Among the many goals that the G20 set out to accomplish at the 2009 summit in Pittsburgh, the perceived threat of volatile markets in OTC derivatives prompted a collective call for action to reform the rules for high-frequency trading (HFT), trade repositories (TRs), central counterparties (CCPs), exchange/platform trading, and capital and margin requirements used in swaps trading. Many countries are making good progress complying with the FSB’s standards. The report highlights many countries’ accession to international standards, noting particular improvement across the board on trade repository (TR) reporting and the use of central clearing. Although smaller countries have been a bit slower on the uptake, signs of international understanding and implementation are generally positive. On 2 October, ESMA released further technical standards on EMIR equivalence for several countries, finding Canada, India and South Korea to be conditionally equivalent. These countries join the USA, Singapore and Australia on the list of conditionally equivalent jurisdictions, with Switzerland and Hong Kong to follow once their regulatory frameworks are finalised.

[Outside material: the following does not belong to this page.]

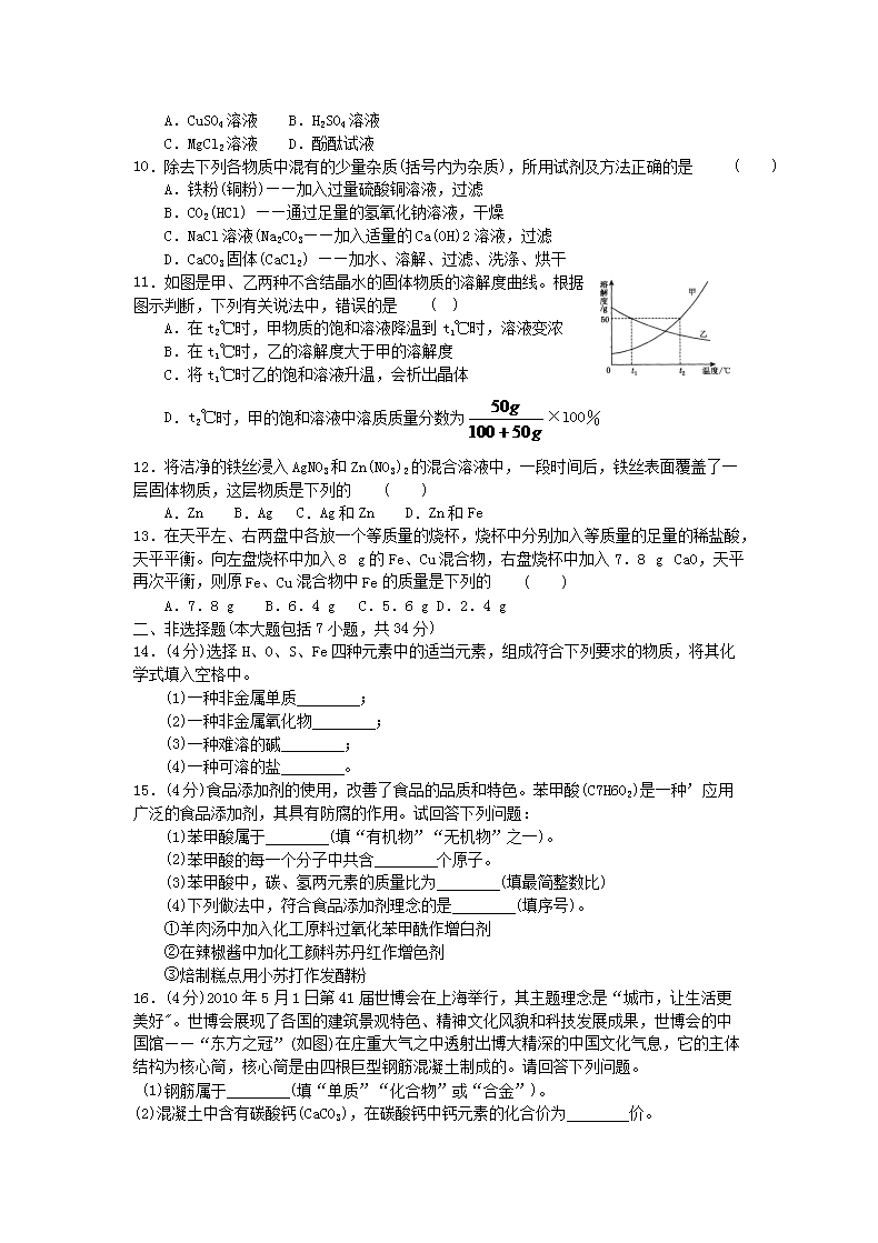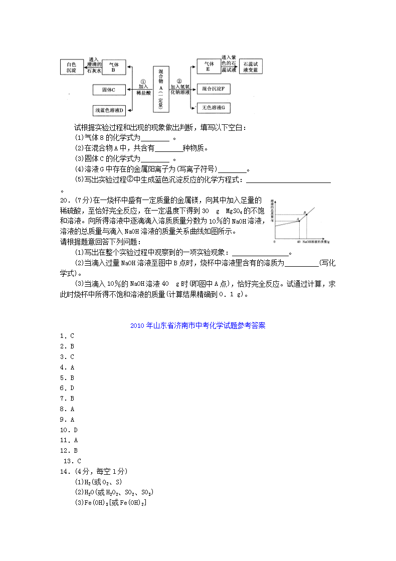 【文档名称】 2010山东省济南市中考化学真题及答案(Word版).doc

The United States, under the guidance of the CFTC, was able to create a base of swap exchange facilities (SEFs) to comply with both the Dodd-Frank Act and the G20 proposals to have more OTC trading done on a centralised exchange. Over 15 entities have registered as SEFs to host trades with US and foreign counterparties. While clarity of the new rules and seamless implementation has yet to take effect due to a number of hiccups, the CFTC and SEC aim to have all OTC trading mostly compliant by October 2014.

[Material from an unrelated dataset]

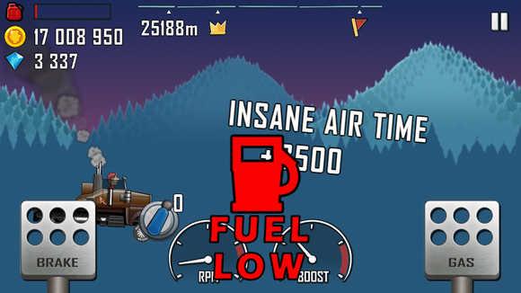初始车辆是一台破旧的红色小吉普,左下角是刹车,右下角是油门,中间有计算速度的刻度表。操作方式很容易理解,踩油门即可一路前进,一路上有很多金币、油箱可以补充,但这里要注意,不要贪图速度一味地加速,遇到下坡这样该减速的时候记得按左下角的刹车哦。

Perhaps one of the largest barriers to international reform collaboration has occurred between the United States’ and the EU’s rule-making, which has all but ground to a halt. JWG has covered this extensively over the past month (see tug-of-war), but with regards to the progress that should have been made under the FSB’s surveillance, it has fallen well short. In their review, the FSB noted:
“Two major constructive steps forward have been taken: first, the announcement in July by the CFTC and the EC of their joint understandings; and subsequently, a multilateral set of understandings to improve the cross-border implementation of OTC derivatives reforms, announced in August by the Regulators Group. The FSB continues to urge authorities to resolve regulatory conflicts, inconsistencies, duplication and gaps in order to provide certainty to stakeholders. However, any remaining uncertainty in this area should not slow jurisdictions in putting forward specific regulatory proposals, since these proposals provide information to help market participants prepare, and assist authorities in the identification and resolution of cross-border regulatory issues.”

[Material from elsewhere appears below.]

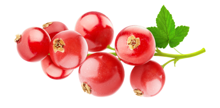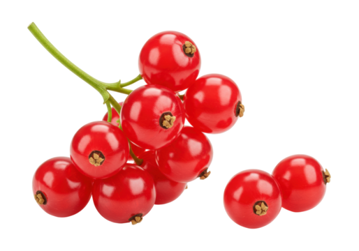 Isolated bunch of vibrant red currant berries with a sprig on a clean background.
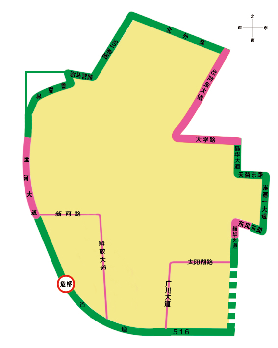 ? 駙馬營路—G105—北外環(huán)—岔河?xùn)|大道—大學(xué)東路—晶華大道(北段)—天衢東路—崇德一大道—東風(fēng)東路—晶華大道(南段)—S516—運河大道—魯冀界以內(nèi)。

While the collaboration plan was in place, complications with rules and the national interests of both parties upset the implementation on 2 October. The CFTC’s push under Gary Gensler for specific classification of counterparties and players in the SEF trading space caused market confusion and created fragmentation with rules in Europe, much to the chagrin of EC Commissioner Michel Barnier. ESMA has also experienced delays, having to push back their technical standards deadlines for third country compliance to 15 November 2013. Additionally, the complexity of the rules created on both sides of the Atlantic has made compliance by the firms involved rather difficult, as Risk.net’s poll about firm compliance illustrates. As such, the blame for new G20 implementation can be evenly distributed; compliance on all accounts seems to have reached an impasse with little clarity forthcoming.
Herein lies the problem of setting high-level standards: differences between jurisdictions are bound to develop. As Carney and O’Malia have both said, in order to achieve uniformly regulated OTC markets and avoid regulatory arbitrage, countries and international bodies (like the FSB) should have pushed for more granular standards at the start, rather than relying on countries to sort it out between themselves further down the line. Hopefully, however, the next iteration of the FSB’s review will find greater global progress toward OTC reform harmonisation – even if the transatlantic heavyweights take longer to resolve their issues.